→ INFORMATION GIVEN:
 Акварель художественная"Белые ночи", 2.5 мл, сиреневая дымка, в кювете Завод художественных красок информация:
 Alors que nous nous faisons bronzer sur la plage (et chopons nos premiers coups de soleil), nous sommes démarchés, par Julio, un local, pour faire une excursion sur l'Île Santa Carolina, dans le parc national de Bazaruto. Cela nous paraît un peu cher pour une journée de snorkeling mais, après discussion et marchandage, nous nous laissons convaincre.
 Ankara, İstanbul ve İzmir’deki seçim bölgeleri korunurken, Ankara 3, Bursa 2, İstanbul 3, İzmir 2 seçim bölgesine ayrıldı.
...
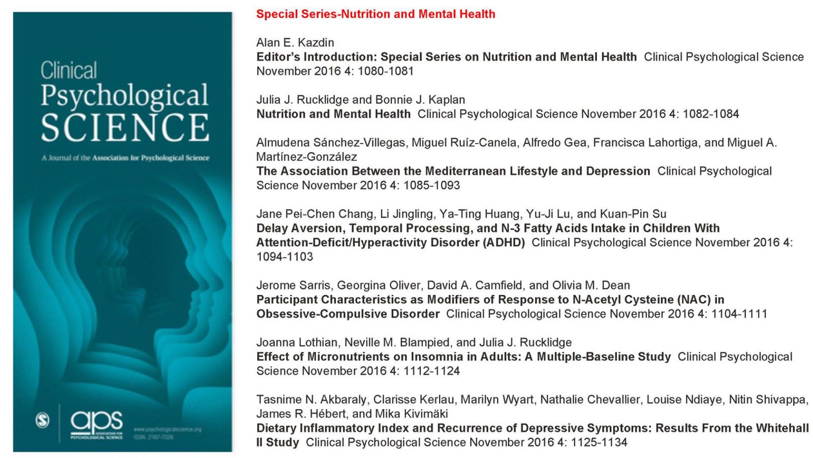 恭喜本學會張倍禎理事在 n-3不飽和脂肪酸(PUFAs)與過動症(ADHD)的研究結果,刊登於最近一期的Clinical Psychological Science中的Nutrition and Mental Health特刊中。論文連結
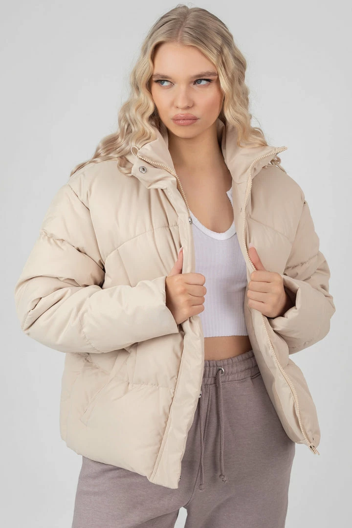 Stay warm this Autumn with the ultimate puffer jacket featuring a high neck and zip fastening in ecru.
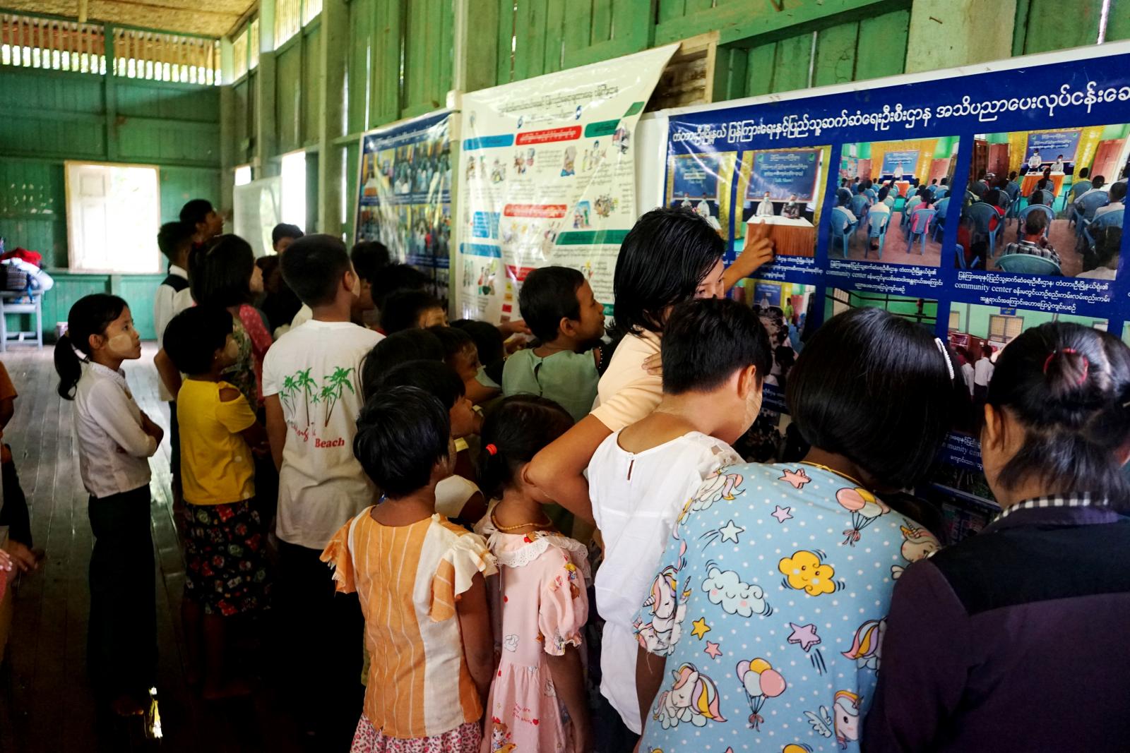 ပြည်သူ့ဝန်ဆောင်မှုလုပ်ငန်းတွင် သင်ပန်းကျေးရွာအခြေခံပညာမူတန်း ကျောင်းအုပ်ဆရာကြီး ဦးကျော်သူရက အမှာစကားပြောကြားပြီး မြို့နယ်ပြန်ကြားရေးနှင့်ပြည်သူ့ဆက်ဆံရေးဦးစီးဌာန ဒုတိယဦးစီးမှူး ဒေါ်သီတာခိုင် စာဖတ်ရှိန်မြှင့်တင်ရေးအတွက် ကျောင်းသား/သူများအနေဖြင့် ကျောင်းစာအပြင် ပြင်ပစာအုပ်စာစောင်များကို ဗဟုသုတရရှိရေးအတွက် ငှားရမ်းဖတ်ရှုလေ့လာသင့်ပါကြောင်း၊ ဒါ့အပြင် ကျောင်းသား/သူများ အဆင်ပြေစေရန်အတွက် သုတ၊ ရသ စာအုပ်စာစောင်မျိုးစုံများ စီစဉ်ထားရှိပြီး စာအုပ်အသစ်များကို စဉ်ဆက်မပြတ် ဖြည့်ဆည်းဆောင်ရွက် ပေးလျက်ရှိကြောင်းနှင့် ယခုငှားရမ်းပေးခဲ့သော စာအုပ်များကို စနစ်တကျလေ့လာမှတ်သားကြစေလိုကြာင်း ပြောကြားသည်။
==
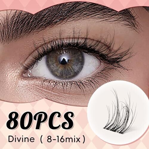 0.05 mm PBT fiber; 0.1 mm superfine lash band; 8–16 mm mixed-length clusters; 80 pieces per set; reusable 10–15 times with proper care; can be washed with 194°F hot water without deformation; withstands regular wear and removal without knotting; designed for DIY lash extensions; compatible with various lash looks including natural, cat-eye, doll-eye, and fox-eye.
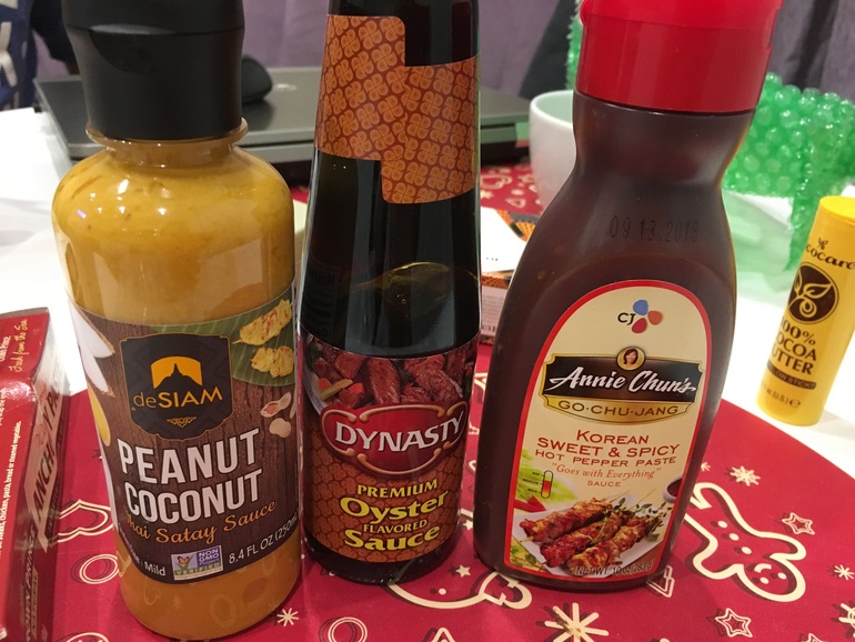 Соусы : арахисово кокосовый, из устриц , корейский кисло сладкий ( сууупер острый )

→ PROBLEM: Within the listing above, locate the line containing "2.5 мл, сиреневая" and the line containing "Ankara, İstanbul ve". Reproduce those two lines and all lines between them exactly, with nothing added.

→ THE COMPLETED TASK:
 Акварель художественная"Белые ночи", 2.5 мл, сиреневая дымка, в кювете Завод художественных красок информация:
 Alors que nous nous faisons bronzer sur la plage (et chopons nos premiers coups de soleil), nous sommes démarchés, par Julio, un local, pour faire une excursion sur l'Île Santa Carolina, dans le parc national de Bazaruto. Cela nous paraît un peu cher pour une journée de snorkeling mais, après discussion et marchandage, nous nous laissons convaincre.
 Ankara, İstanbul ve İzmir’deki seçim bölgeleri korunurken, Ankara 3, Bursa 2, İstanbul 3, İzmir 2 seçim bölgesine ayrıldı.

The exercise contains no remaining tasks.